Legislative Challenges and Updates
In addition to legal challenges, some jurisdictions have sought to pass laws prohibiting local hiring requirements. A few examples are discussed below.
In Louisiana, some have criticized New Orleans’ local hiring ordinance claiming that it requires them to lay off out-of-town workers in order to hire local labor to fulfill the requirements. Others claimed that there are not enough skilled workers to hire. The Louisiana State Senate introduced legislation in March of 2016 (SB 288) that would have prohibited political subdivisions from adopting local hiring ordinances like the New Orleans program. But that legislation was rejected by committee in May 2016.
On August 6, 2015, Davidson County voters approved an amendment to the Charter of the Metropolitan Government of Nashville and Davidson County that would have required 40% of all construction work hours performed by Tennesseans on public projects exceeding $100,000 to go to Davidson County residents, with not less than 10% of those hours going to low-income Davidson County residents. Dissenters argued that the charter amendment conflicted with the state’s Contractor’s Licensing Act, which prohibits municipalities and counties from discriminating against state-licensed contractors on the basis of the licensee’s nonresidency within the county or municipality. (See State of Tennessee, Office of the Attorney General, Opinion No. 15-69, October 1, 2015). In response, state lawmakers passed a law (SB 1621) expressly prohibiting the state or any local governments from requiring bidding or contracting companies to observe local hiring or income-based hiring standards for public construction projects. The bill was signed into law by Tennessee Governor Bill Haslam on March 10, 2016.

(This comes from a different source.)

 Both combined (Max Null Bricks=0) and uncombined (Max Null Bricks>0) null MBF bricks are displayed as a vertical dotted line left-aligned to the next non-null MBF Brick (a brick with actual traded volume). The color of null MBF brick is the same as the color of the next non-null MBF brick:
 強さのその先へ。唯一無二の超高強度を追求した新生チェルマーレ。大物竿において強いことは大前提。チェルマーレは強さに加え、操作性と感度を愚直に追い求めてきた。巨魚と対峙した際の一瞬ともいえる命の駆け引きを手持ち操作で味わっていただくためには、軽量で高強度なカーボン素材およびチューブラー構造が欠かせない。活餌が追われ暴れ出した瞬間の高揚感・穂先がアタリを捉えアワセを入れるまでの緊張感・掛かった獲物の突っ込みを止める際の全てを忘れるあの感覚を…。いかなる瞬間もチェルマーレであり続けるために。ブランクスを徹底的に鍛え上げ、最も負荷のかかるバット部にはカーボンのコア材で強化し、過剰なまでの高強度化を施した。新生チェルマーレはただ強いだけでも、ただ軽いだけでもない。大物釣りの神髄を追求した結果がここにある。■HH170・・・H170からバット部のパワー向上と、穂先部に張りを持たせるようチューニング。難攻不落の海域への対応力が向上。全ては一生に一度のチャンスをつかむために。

Ohio lawmakers also passed legislation (House Bill 180) to curtail the use of local hire programs. House Bill 180 bars public authorities from requiring contractors on public projects to hire a certain number or percentage of local residents from defined geographical areas. The law also prohibits the use of bid award bonuses or preferences as incentives to meet such requirements. Ohio Governor John Kasich signed the bill into law on May 31, 2016 with an effective date of August 31, 2016. However, the City of Cleveland filed a lawsuit (City of Cleveland v. State of Ohio, No. CV-16-868008 (Cuyahoga C.P. 2016)) claiming that HB 180 violates the Ohio Constitution by undermining the City’s “home rule” right of self-governance to pass laws for the benefit of its constituents. The State claims that HB 180 is permissible under Section 34 of the Ohio Constitution, which allows the state to pass generally applicable laws providing for the “health, safety and general welfare” of the people of Ohio, which laws preempt home rule ordinances. The Court of Common Pleas issued a preliminary injunction preventing the enforcement of HB 180 pending trial on the permanent injunction. The hearing is currently scheduled for November 7, 2016.

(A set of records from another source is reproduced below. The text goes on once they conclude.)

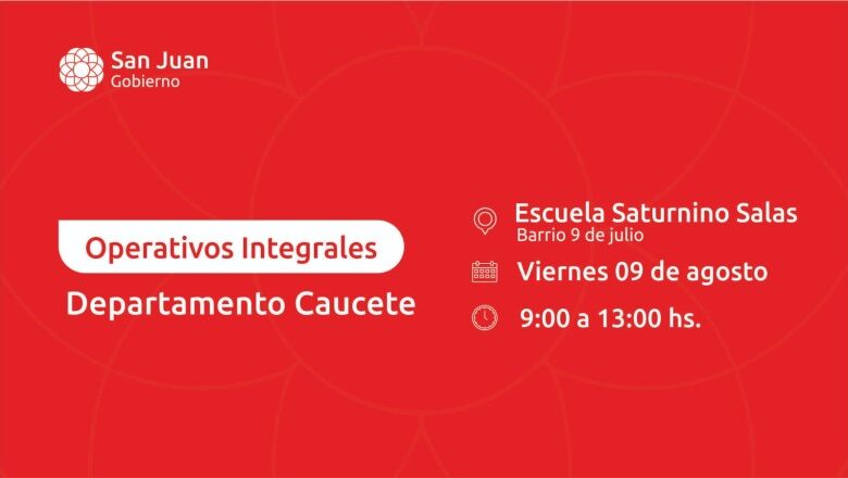 El Ministerio de Familia y Desarrollo Humano de San Juan, en conjunto con diversos ministerios provinciales, llevará a cabo el decimoséptimo operativo integral en el departamento de Caucete. Se realizará en el barrio 9 de Julio, específicamente en la Escuela Saturnino Salas, el viernes 9 de agosto, de 9 a 13.
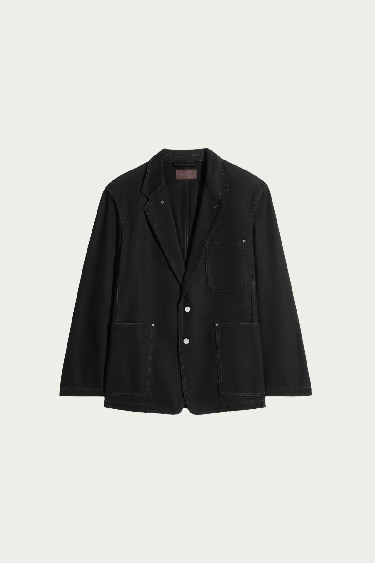This tailored jacket is crafted from broken twill. The fabric gives the piece a flawless drape.
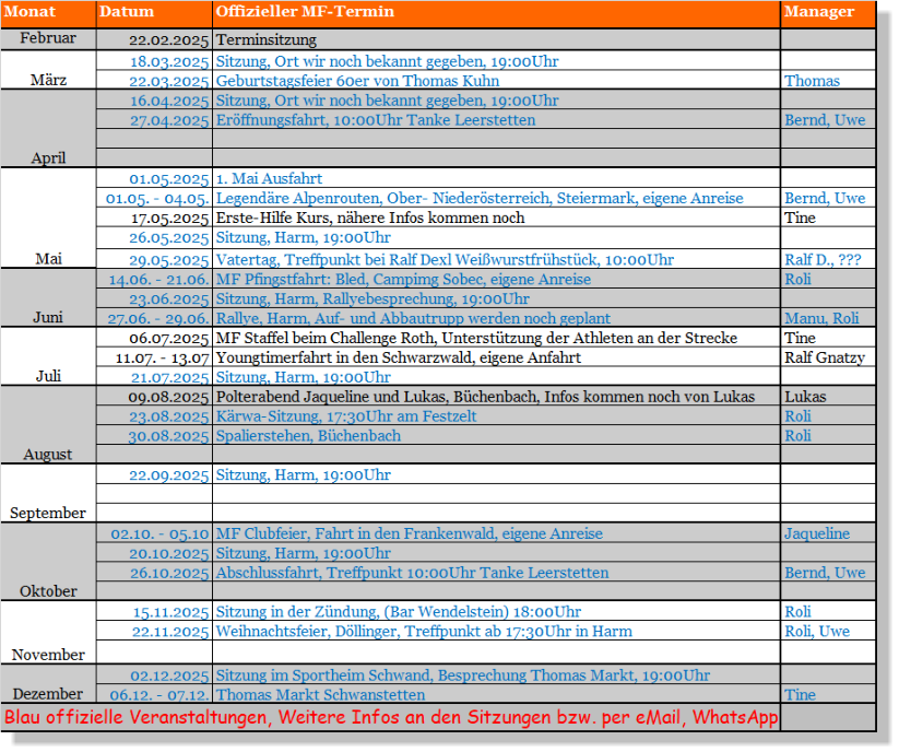 Über uns Aktuelles Termine Rallye Bikes Mitglieder Bildergalerie Hall of Fame Termine zurück zu Home Termine

Be Aware of the Changing Landscape of Local Hiring Laws
The validity and requirements of local hiring law vary widely from jurisdiction to jurisdiction. The recent updates mentioned above are only a few of the reported changes to local hiring programs and related legislation occurring across the nation. Public contractors, owners receiving public funds, and local governments should be aware of the ever-changing landscape of local hiring laws, particularly the recent developments in Louisiana, Tennessee and Ohio. Careful attention should be paid to these requirements before, during and after the bidding process, to ensure compliance is maintained and negative consequences are avoided.